BOLINGBROOK – Brooks Middle School students have found a way to learn something and have fun at the same time.

Every week, several dozen Brooks students get together for an hour after school to play board games. No, not Monopoly, Risk, or Connect Fours. These games have names like Pandemic, Settlers of Catan and Fluxx.  

“These games require aspiring cognitive thinkers to really think about what’s going on,” said Brooks Gamers Club Co-Sponsor Art Barnett, who teaches language arts at the Bolingbrook school. “They don’t realize they’re learning critical thinking skills because they’re just having fun.”

Barnett considers himself a board game nut, having attended the annual Gen Con gaming convention for many years and even designing one game of his own. He used to coach the chess team but switched to Gamers Club because chess “is too basic and it’s not as interesting as these games.”

Most of the games come from his vast collection at home or from co-sponsor William Nunez’ collection. And most of them were designed in Europe.

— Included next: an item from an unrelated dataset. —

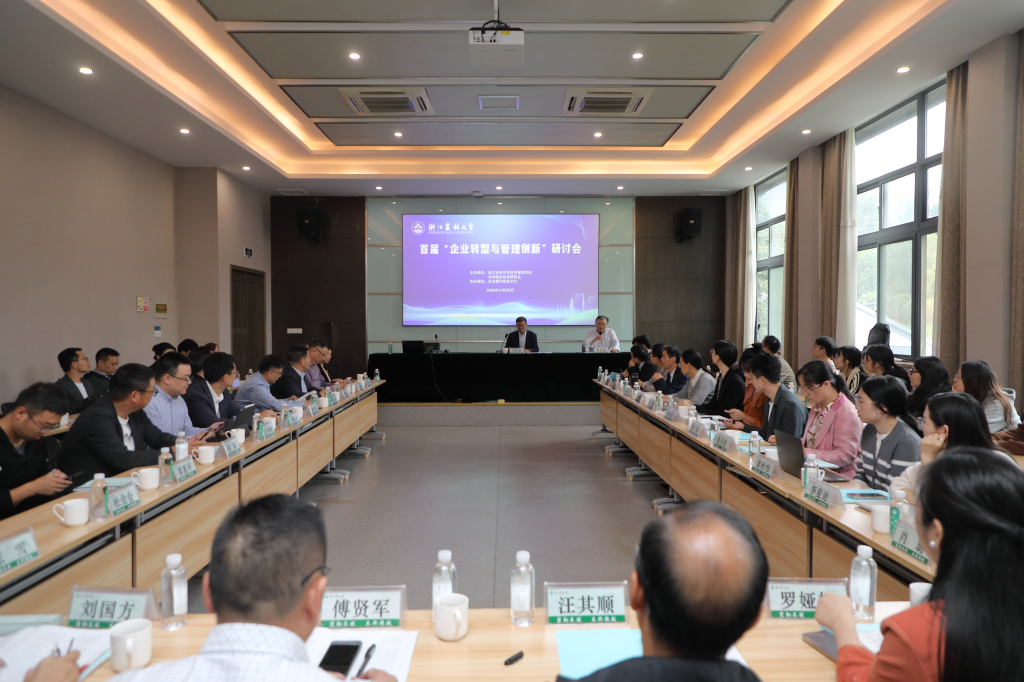 2024年10月26日,由565net必赢客户端565net必赢客户端、杭州临安区经济研究会联合主办的首届“企业转型与管理创新”研讨会在我校成功召开。本次研讨会邀请了浙江省数字经济研究中心主任刘渊、青山湖科技城管委会副主任郑敏、杭州可靠护理用品股份有限公司董事长金利伟等十余位专家企业高管作主旨报告,来自行业企业专家、学者、企业高管及在校教师学生代表共计70余人参加。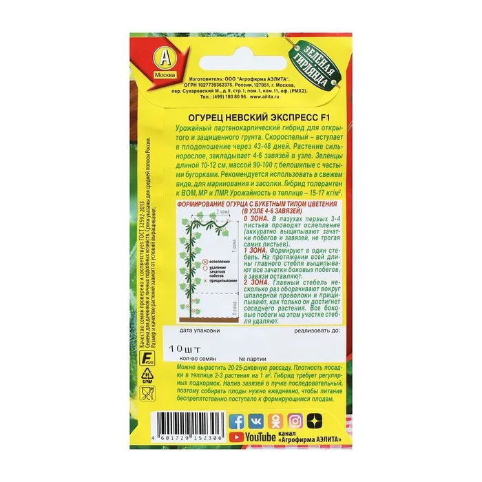 Урожайный партенокарпический гибрид для открытого и защищенного грунта. Скороспелый – вступает в плодоношение через 43-48 дней. Растение сильнорослое, закладывает 4-6 завязей в узле. Зеленцы длиной 10-12 см, массой 90-100 г, белошипые с частыми бугорками. Рекомендуется использовать в свежем виде, для маринования и засолки. Гибрид толерантен к ВОМ, МР и ЛМР. Урожайность в теплице – 15-17 кг/м2.

“Once I teach these students a game, they teach each other,” Barnett said. “You can do cooperative learning in a classroom at a minimal level, but if you really want to know what cooperative learning is all about, you need to come to Gamers Club.”

Barnett admits it’s a challenge to convince today’s teens to put down their video games and play board games. But once they come to Gamers Club “they love working together to beat the board.”

“These kids are getting life lessons and they don’t even realize it,” Barnett said. “I see the little twinkle in their eye when they walk away and I know they’ve learned something.”